● **Material provided**:

========

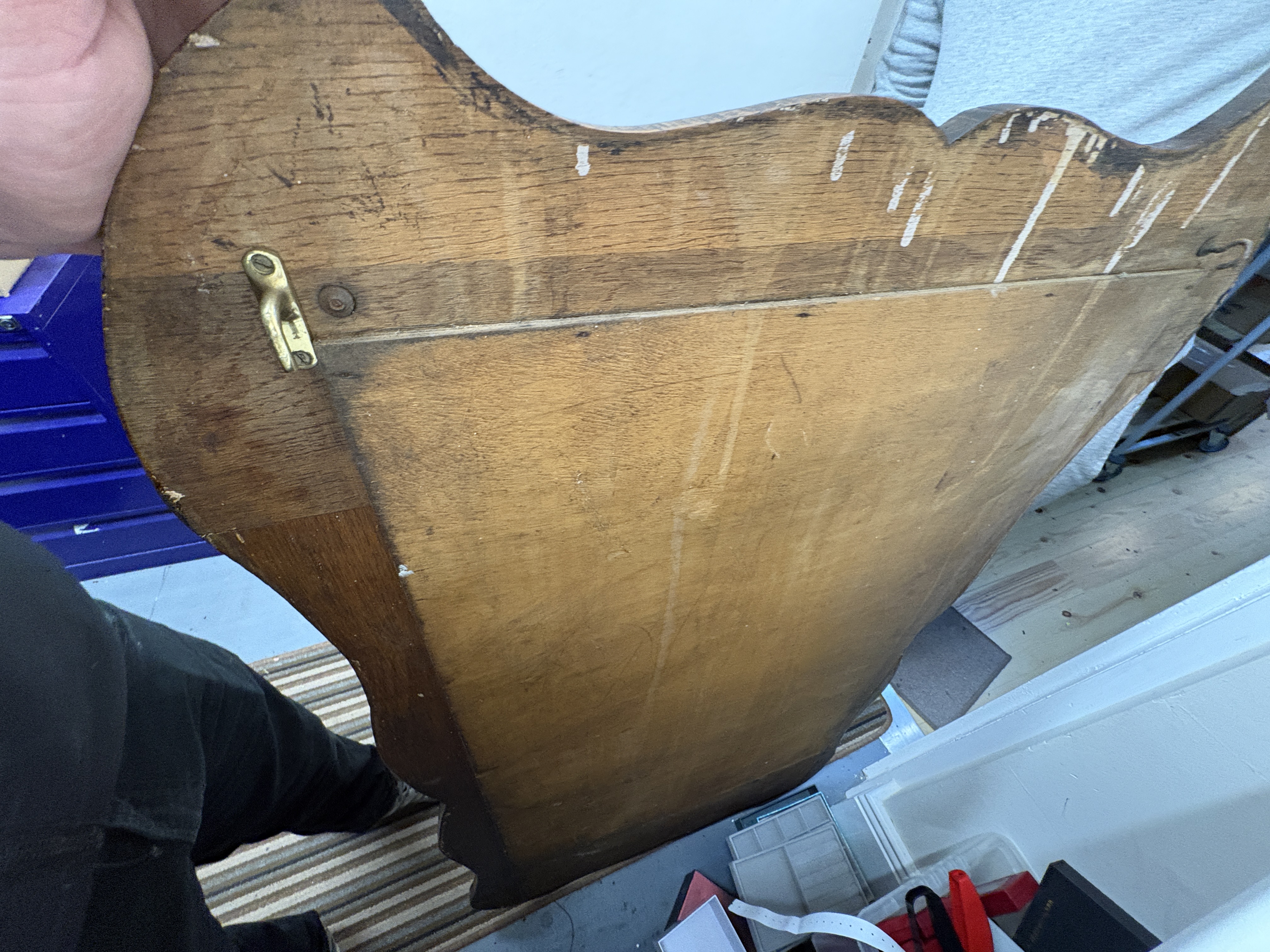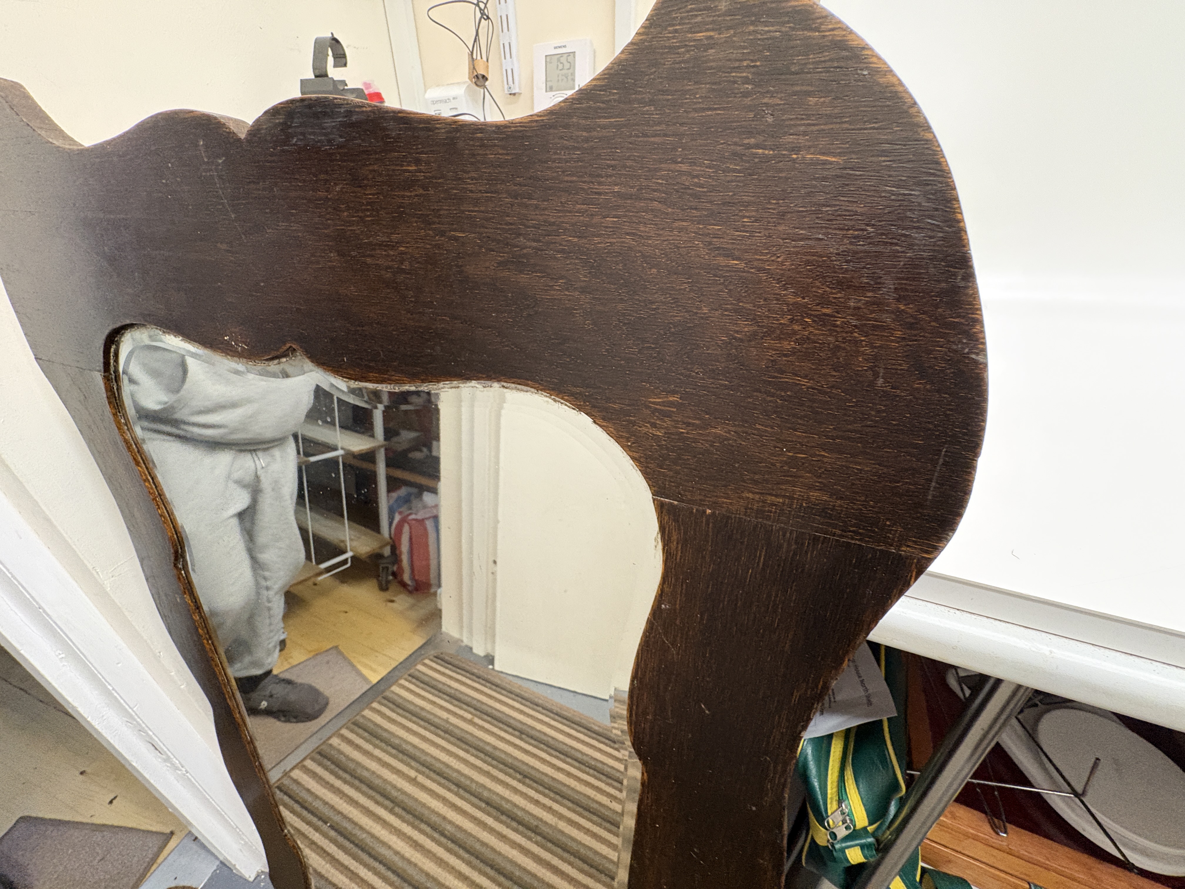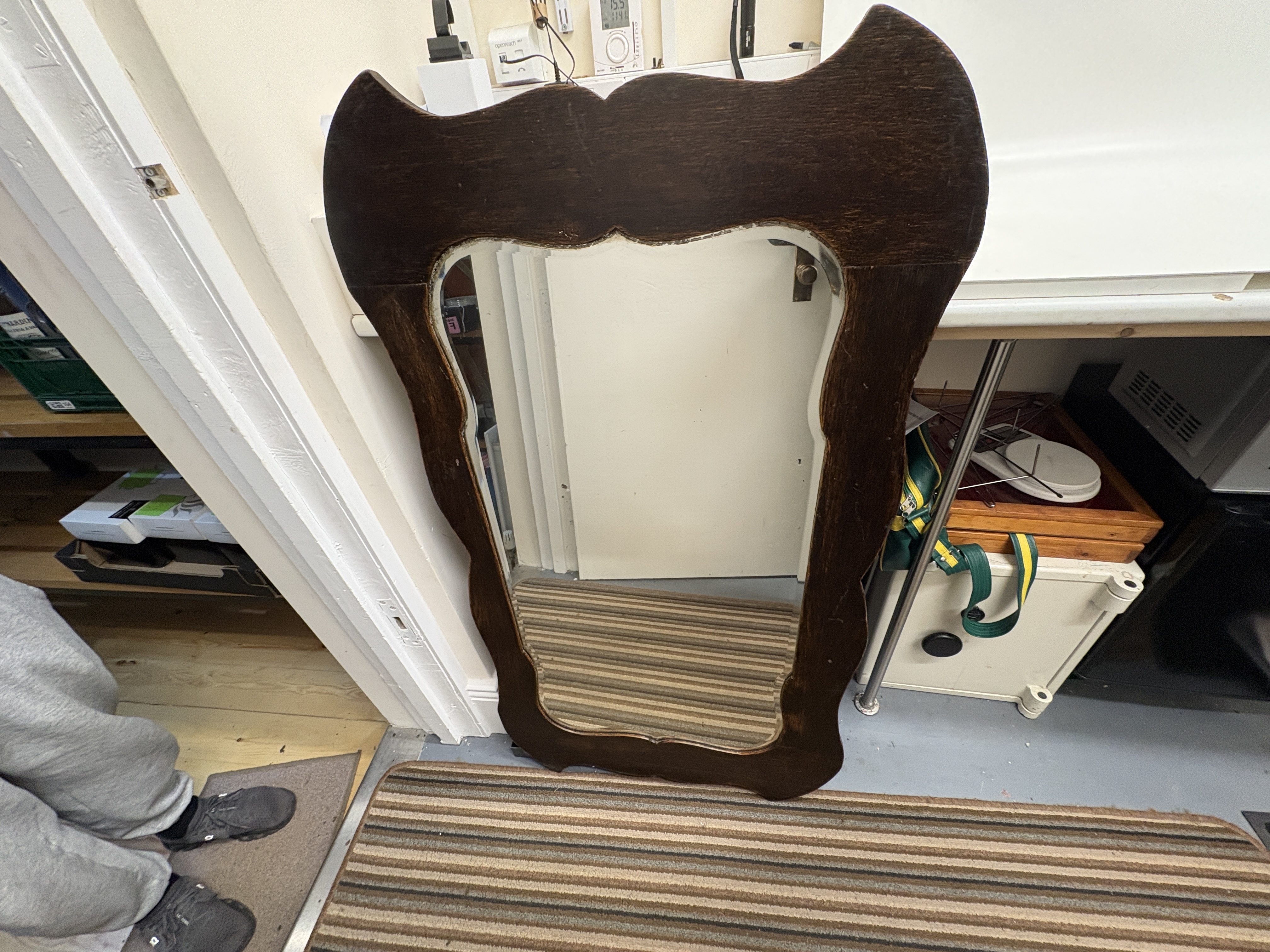 An impressive and substantial wall-hanging mirror dating from the late 19th to early 20th century. The mirror is set within a heavy oak frame with a dark-stained finish, featuring a distinctive shaped and scrolled outline in the Gothic Revival style. The mirror plate itself follows the decorative contours of the frame and features a fine bevelled edge. The reverse of the mirror shows a solid, multi-panel wood construction with an original brass hanging bracket. This piece was reportedly sourced from a church rectory. Height: 122 cm (4ft).
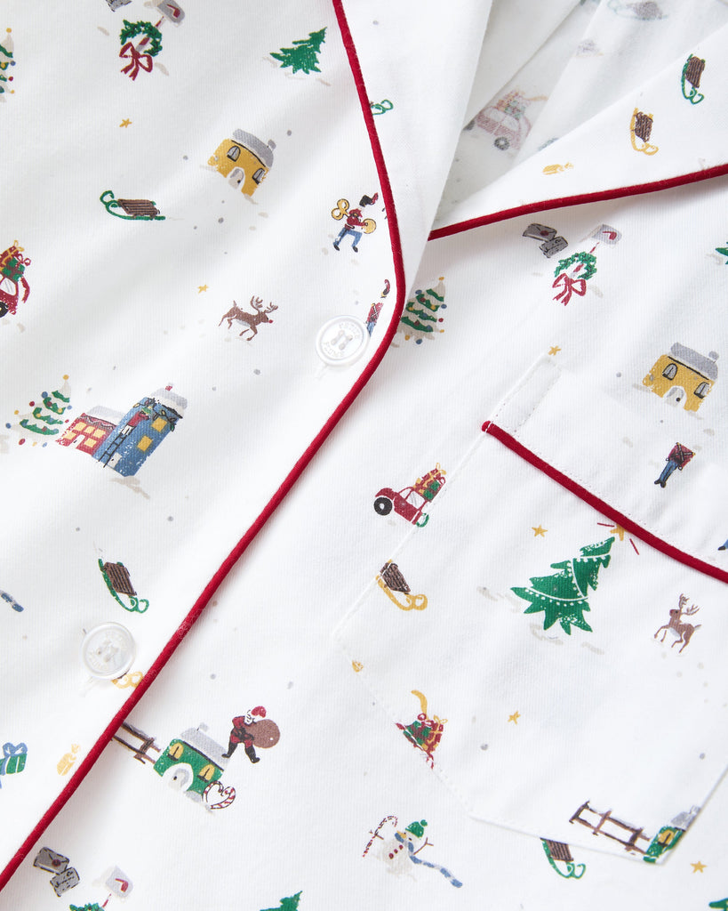 Petite Plume wishes you a “bonne nuit,” and in their luxury sleepwear, it’s hard not to oblige. With the Women’s Twill Pajama Set in Holiday Town, the joyful sights of this peaceful holiday village will take you down memory lane. Santa winds his way through town, while vintage cars and wooden sleighs glide past pristine wintry decorations.
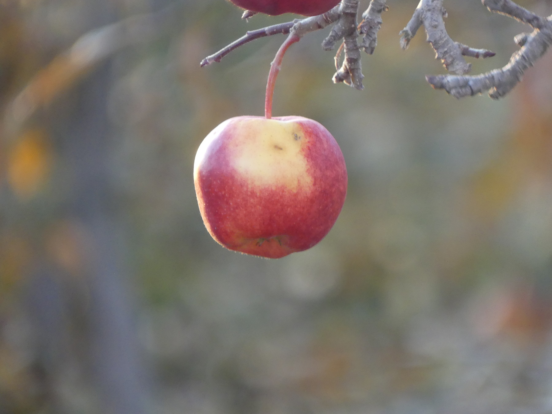These effects probably come to the Gala from the Red Delicious. The parentage of the Royal Gala is Ribston Pippin x Newtown Pippin = Cox Orange. Cox Orange x Red Delicious = Kidd’s Orange. Kidd’s Orange x Golden Delicious = Gala, which then mutated to Royal Gala. The tendency to mutate in both bud and fruit is a strong characteristic of Red Delicious, which is itself a red-coloured sport of Delicious. The sweetness and scent of a royal gala, that can fill a whole orchard and attract bears from miles around, is recognizably Delicious, as is the tough skin that really separates this apple from Gala, and which comes with the red mutation. As for the beautiful scent, it all evaporates within three days of picking, especially from small, weak, shaded apples in the heart of the tree, or apples hanging from downward-growing fruiting structures, where there was little of it at best and skins were thinnest due to the shade. At its worst, as in the apples above, this effect leaves the apple tasting like water and a bid of acid from the skin. What I find fascinating here is that the ability of the tree to mutate readily, and to create many opportunities for flavour in relation to climate, is perfectly matched by care given the tree. In other words, the ability of the tree to position itself in relation to climate is matched by the ability of humans to manipulate the climate within the tree. The current model of tree production, to manipulate apple DNA to match industrial packing and storage procedures, and to grow the resulting trees in short-lived hedges, replacing human care with carefully-timed water-borne nutrients, manipulated by heavy clipping of the top of the hedge, and discarding the tree with the fruiting structures become weak and shaded, is far less able to change with changing climate or changing cultures. Be happy with mutations. The tree makes them to catch our eye. Be caught.
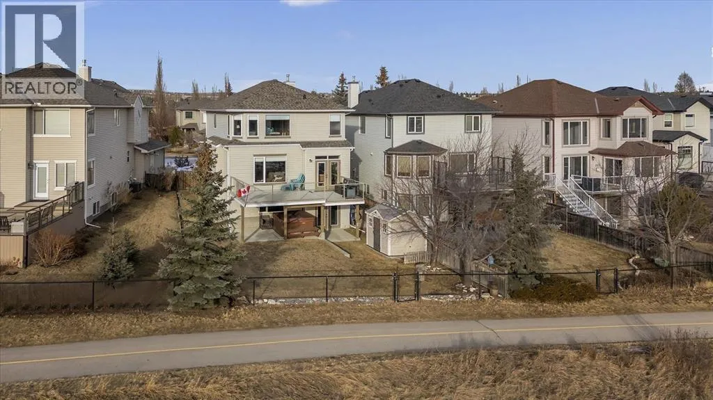 never grows old. Homes along this ridge rarely come to market, and it’s easy to understand why. A vaulted foyer sets a gracious first impression, with extensive hardwood flooring flowing through the main level. A versatile flex room near the entry invites use as a den or intimate formal dining space. As you move toward the rear of the home, the floor plan opens up and that remarkable view commands your attention through expansive rear windows. The family room, warmed by a fireplace, frames the vista beautifully, while the kitchen stands ready for both everyday life and entertaining – rich maple cabinetry with under-cabinet lighting, granite countertops, a tiered island, and stainless steel appliances. A well-appointed main-floor mudroom keeps the household running smoothly with laundry facilities, built-in cabinetry, a folding counter, and laundry sink. Upstairs, a small loft overlooks the entry below – an ideal spot for a reading nook, homework station, or quiet workspace. The staircase splits to reveal thoughtfully separated sleeping quarters: a spacious secondary bedroom to one side, and on the other, a second secondary bedroom, full family bathroom, and the primary suite. Waking up to those mountain and city views from the primary bedroom is something truly special. The ensuite features dual sinks, a soaker tub, and separate shower, complemented by a walk-in closet. The walkout basement extends the living space with a large recreation room anchored by a gas wood stove, plus a bathroom featuring an oversized shower – perfectly suited for guests or post-hot tub evenings. Step outside and the backyard becomes your retreat: a hot tub with convenient hot water tap, patio, perennial gardens, an irrigation system, and storage shed. A gate opens directly onto the pathway system winding throughout Tuscany, inviting you to explore the coulee at your doorstep. Central air conditioning ensures comfort through summer, and a newer roof provides peace of mind. With a park and playground just steps away, this ridge-backing home on a quiet street delivers a lifestyle that families dream about – where stunning views, thoughtful design, and neighbourhood connectivity come together in one exceptional Tuscany address. (id:62650)
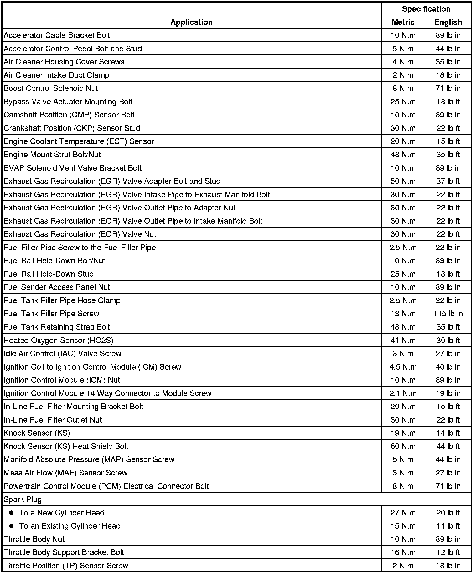 Fastener Tightening Specifications
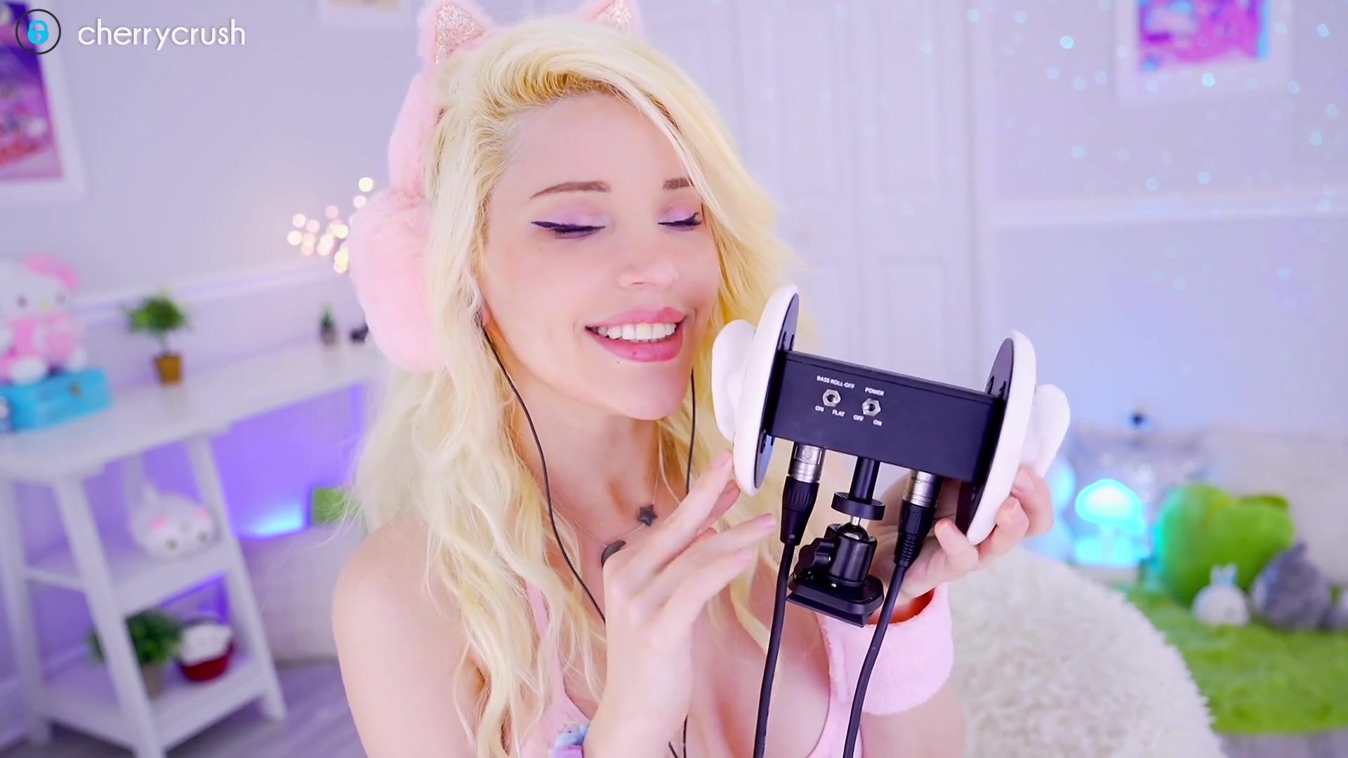 Blonde babe Cherrycrush brings you into her whimsical world with ASMR sounds and playing in cute pink lingerie and kitty ears.
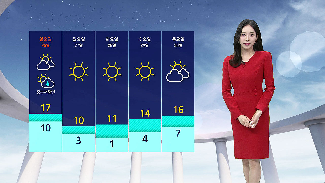 다만 휴일인 내일(26일) 오후부터는 북쪽에서 한기가 강하게 내려오겠습니다.

========

● **Problem to solve**:
Pictures are to be left out; everything else in the records gets retyped exactly.

● **Response area**:
 An impressive and substantial wall-hanging mirror dating from the late 19th to early 20th century. The mirror is set within a heavy oak frame with a dark-stained finish, featuring a distinctive shaped and scrolled outline in the Gothic Revival style. The mirror plate itself follows the decorative contours of the frame and features a fine bevelled edge. The reverse of the mirror shows a solid, multi-panel wood construction with an original brass hanging bracket. This piece was reportedly sourced from a church rectory. Height: 122 cm (4ft).
 Petite Plume wishes you a “bonne nuit,” and in their luxury sleepwear, it’s hard not to oblige. With the Women’s Twill Pajama Set in Holiday Town, the joyful sights of this peaceful holiday village will take you down memory lane. Santa winds his way through town, while vintage cars and wooden sleighs glide past pristine wintry decorations.
These effects probably come to the Gala from the Red Delicious. The parentage of the Royal Gala is Ribston Pippin x Newtown Pippin = Cox Orange. Cox Orange x Red Delicious = Kidd’s Orange. Kidd’s Orange x Golden Delicious = Gala, which then mutated to Royal Gala. The tendency to mutate in both bud and fruit is a strong characteristic of Red Delicious, which is itself a red-coloured sport of Delicious. The sweetness and scent of a royal gala, that can fill a whole orchard and attract bears from miles around, is recognizably Delicious, as is the tough skin that really separates this apple from Gala, and which comes with the red mutation. As for the beautiful scent, it all evaporates within three days of picking, especially from small, weak, shaded apples in the heart of the tree, or apples hanging from downward-growing fruiting structures, where there was little of it at best and skins were thinnest due to the shade. At its worst, as in the apples above, this effect leaves the apple tasting like water and a bid of acid from the skin. What I find fascinating here is that the ability of the tree to mutate readily, and to create many opportunities for flavour in relation to climate, is perfectly matched by care given the tree. In other words, the ability of the tree to position itself in relation to climate is matched by the ability of humans to manipulate the climate within the tree. The current model of tree production, to manipulate apple DNA to match industrial packing and storage procedures, and to grow the resulting trees in short-lived hedges, replacing human care with carefully-timed water-borne nutrients, manipulated by heavy clipping of the top of the hedge, and discarding the tree with the fruiting structures become weak and shaded, is far less able to change with changing climate or changing cultures. Be happy with mutations. The tree makes them to catch our eye. Be caught.
 never grows old. Homes along this ridge rarely come to market, and it’s easy to understand why. A vaulted foyer sets a gracious first impression, with extensive hardwood flooring flowing through the main level. A versatile flex room near the entry invites use as a den or intimate formal dining space. As you move toward the rear of the home, the floor plan opens up and that remarkable view commands your attention through expansive rear windows. The family room, warmed by a fireplace, frames the vista beautifully, while the kitchen stands ready for both everyday life and entertaining – rich maple cabinetry with under-cabinet lighting, granite countertops, a tiered island, and stainless steel appliances. A well-appointed main-floor mudroom keeps the household running smoothly with laundry facilities, built-in cabinetry, a folding counter, and laundry sink. Upstairs, a small loft overlooks the entry below – an ideal spot for a reading nook, homework station, or quiet workspace. The staircase splits to reveal thoughtfully separated sleeping quarters: a spacious secondary bedroom to one side, and on the other, a second secondary bedroom, full family bathroom, and the primary suite. Waking up to those mountain and city views from the primary bedroom is something truly special. The ensuite features dual sinks, a soaker tub, and separate shower, complemented by a walk-in closet. The walkout basement extends the living space with a large recreation room anchored by a gas wood stove, plus a bathroom featuring an oversized shower – perfectly suited for guests or post-hot tub evenings. Step outside and the backyard becomes your retreat: a hot tub with convenient hot water tap, patio, perennial gardens, an irrigation system, and storage shed. A gate opens directly onto the pathway system winding throughout Tuscany, inviting you to explore the coulee at your doorstep. Central air conditioning ensures comfort through summer, and a newer roof provides peace of mind. With a park and playground just steps away, this ridge-backing home on a quiet street delivers a lifestyle that families dream about – where stunning views, thoughtful design, and neighbourhood connectivity come together in one exceptional Tuscany address. (id:62650)
 Fastener Tightening Specifications
 Blonde babe Cherrycrush brings you into her whimsical world with ASMR sounds and playing in cute pink lingerie and kitty ears.
 다만 휴일인 내일(26일) 오후부터는 북쪽에서 한기가 강하게 내려오겠습니다.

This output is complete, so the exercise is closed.